In Burnette Ford, Inc. v. Hayes, 227 Ga. 551 (181 SE2d 866), the Supreme Court established the rule that where a party who does not have the burden of proof on trial of the case makes a motion for summary judgment, all evidence adduced on the motion, including the testimony of the party opposing the motion, is construed most strongly against the movant. Where, however, the respondent to a motion for summary judgment makes deliberate and intentional self-contradictory statements about a material issue of fact, that party's unfavorable testimony may be used against him. Chambers v. C. & S. Nat. Bank, 242 Ga. 498 (249 SE2d 214).
The two statements made by plaintiff did not directly contradict each other: the affidavit is limited to plaintiff's mental capacity from March to December, 1978, while the deposition is couched in terms of the present tense (January 1981). Since it cannot be said that plaintiff's affidavit is in material conflict with any position asserted by him in his deposition, Chambers is inapplicable and Burnette Ford requires that the evidence be construed most favorably for him. Because a material issue then exists, the grant of summary judgment to defendant must be reversed. See Turner v. Clark & Clark, 158 Ga. App. 79, 82-83 (279 SE2d 323).
CARLEY, Judge, concurring specially.
Unlike the majority, I am not able to say with certainty whether there was or was not a conflict between the affidavit and the deposition testimony.
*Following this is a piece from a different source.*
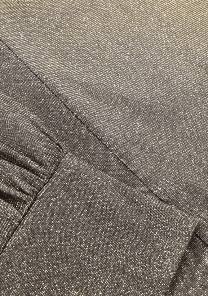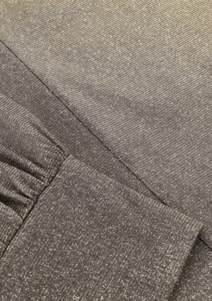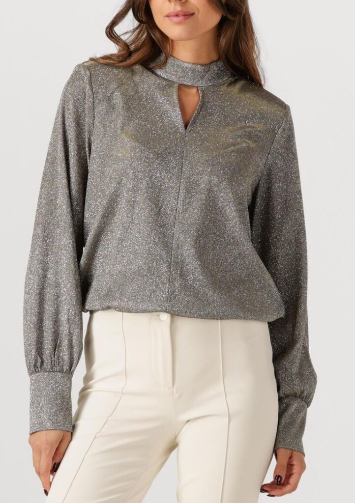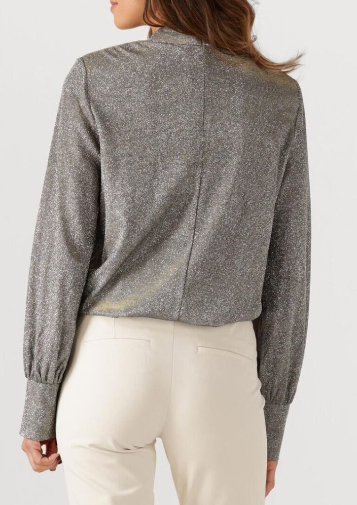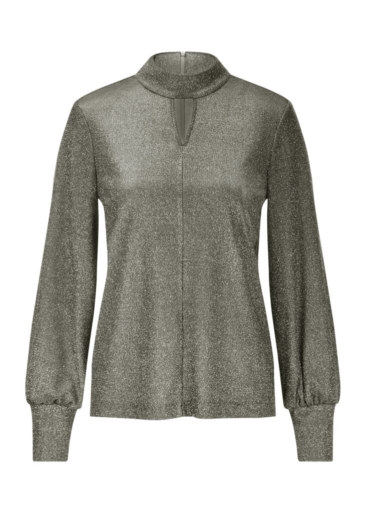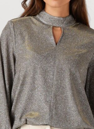 Vācu modes zīmola Riani mirdzoša sieviešu blūze ar garām piedurknēm. Izgatavota no plūstoša poliestera auduma ar metāliskām škiedrām zeltainos un sudrabainos toņos. Papildināta ar dekoratīvu šķēlumu pie paaugstinātās apkakles.

I do know that I do not agree with that portion of the original majority opinion stating that the deposition testimony "is couched in terms of the present tense . . ." The question and answer in the deposition were as follows: "And you say you have had no mental problems? . . . No sir." The emphasized language is clearly past, not present tense. However, on motion for rehearing the majority suggests another possible interpretation of the question and answer without characterizing the tense in which the question was phrased. Under this admittedly literal analysis, the plaintiff denied that he said that he had not had any mental problems. Although overly exact and perhaps strained, such a construction of the testimony is technically correct. Nevertheless, I remain uncertain as to whether -- under any interpretation -- the relevant deposition testimony is contradicted by the affidavit. Because of that very uncertainty, I do not see how it can be said that any contradiction which did occur was deliberate or intentional so as to trigger the application of the rule of Chambers v. C. & S. Nat. Bank, 242 Ga. 498 (249 SE2d 214) (1978). Thus I concur with the majority in its determination that the grant of summary judgment must be reversed.
ON MOTION FOR REHEARING.
On motion for rehearing, defendant asserts that plaintiff, in his deposition, denied having any mental problems, past or present. However, a literal reading of plaintiff's deposition reveals that plaintiff responded negatively to the assertion that he was saying that he had had no mental problems. Taking the printed word for what it actually says and casting aside other possible interpretations which depend upon the speaker's intent, we must again conclude that plaintiff's deposition and affidavit are not in direct contradiction with each other, and the rule enunciated in Burnette Ford, Inc. v. Hayes, 227 Ga. 551 (181 SE2d 866), rather than the rule in Chambers v. C. & S. Nat. Bank, 242 Ga. 498 (249 SE2d 214), must be applied.
Motion for rehearing denied.
Warner S. Currie, E. Christopher Harvey, Sherie Bell Christy, for appellee.
Ron Parnell, for appellant.
DECIDED APRIL 6, 1982 -- REHEARING DENIED APRIL 27, 1982 -- CERT. APPLIED FOR.